AWS Neuron is Amazon's complete software stack for cloud-scale machine learning accelerators, specifically the AWS Inferentia and Trainium. This Senior Software Engineering role is part of the Machine Learning Inference Applications team, focusing on developing and optimizing core LLM inference components.
The position involves working with cutting-edge LLM technology, including attention mechanisms, MLP, quantization, speculative decoding, and mixture of experts. You'll collaborate with chip architects, compiler engineers, and runtime engineers to maximize performance on Neuron devices for various models like Llama 3.3 70B, 3.1 405B, DBRX, and Mixtral.
The team culture emphasizes knowledge-sharing and mentorship, with senior members providing one-on-one mentoring and thorough code reviews.

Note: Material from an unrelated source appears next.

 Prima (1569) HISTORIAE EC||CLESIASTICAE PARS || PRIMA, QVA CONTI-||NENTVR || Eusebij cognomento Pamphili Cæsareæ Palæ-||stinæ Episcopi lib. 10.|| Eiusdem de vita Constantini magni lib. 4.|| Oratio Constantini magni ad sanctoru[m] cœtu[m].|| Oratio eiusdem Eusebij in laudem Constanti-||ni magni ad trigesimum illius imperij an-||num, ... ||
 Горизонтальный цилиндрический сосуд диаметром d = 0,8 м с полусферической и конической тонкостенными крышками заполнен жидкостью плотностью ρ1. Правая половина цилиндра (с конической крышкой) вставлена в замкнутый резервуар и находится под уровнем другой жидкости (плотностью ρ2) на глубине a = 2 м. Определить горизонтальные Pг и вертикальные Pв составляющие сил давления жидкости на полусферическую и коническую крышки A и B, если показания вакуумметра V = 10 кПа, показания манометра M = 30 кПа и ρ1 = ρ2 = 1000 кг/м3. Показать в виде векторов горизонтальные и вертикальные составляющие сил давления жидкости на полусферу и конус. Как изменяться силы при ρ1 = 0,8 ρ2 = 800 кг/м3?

Career growth is prioritized through strategic project assignments that help develop engineering expertise. The role offers competitive compensation ranging from $151,300 to $261,500 based on location, plus equity and comprehensive benefits.

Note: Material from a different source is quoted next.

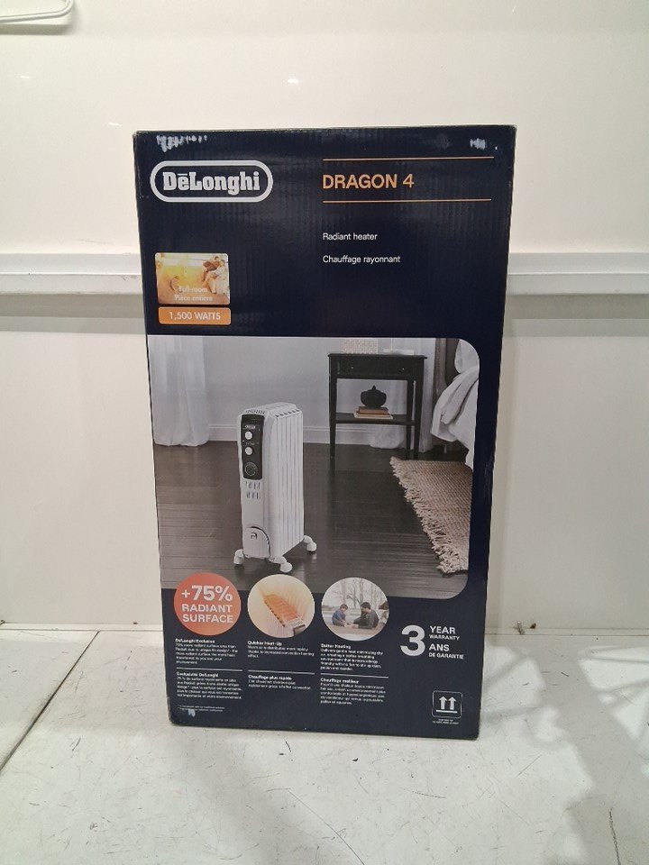 delonghi dragon full-room radiant space heater - 144sq.ft coverage - 1500w - white (model: trd40615tca)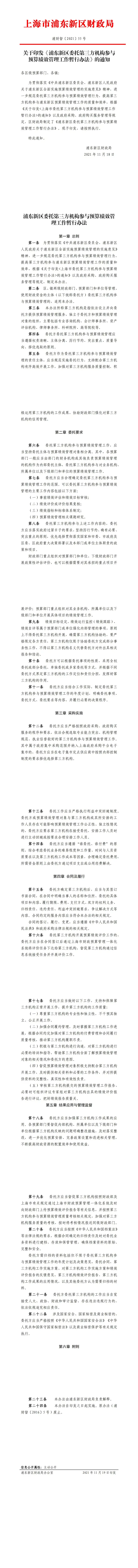 关于印发《浦东新区委托第三方机构参与预算绩效管理工作暂行办法》的通知【浦财督〔2021〕55号】

This is an excellent opportunity for experienced engineers passionate about machine learning optimization and looking to work on large-scale, impactful projects. The position requires strong programming skills, understanding of ML fundamentals, and the ability to work collaboratively across teams. Amazon's inclusive culture and commitment to diversity make it an ideal workplace for innovation and professional growth.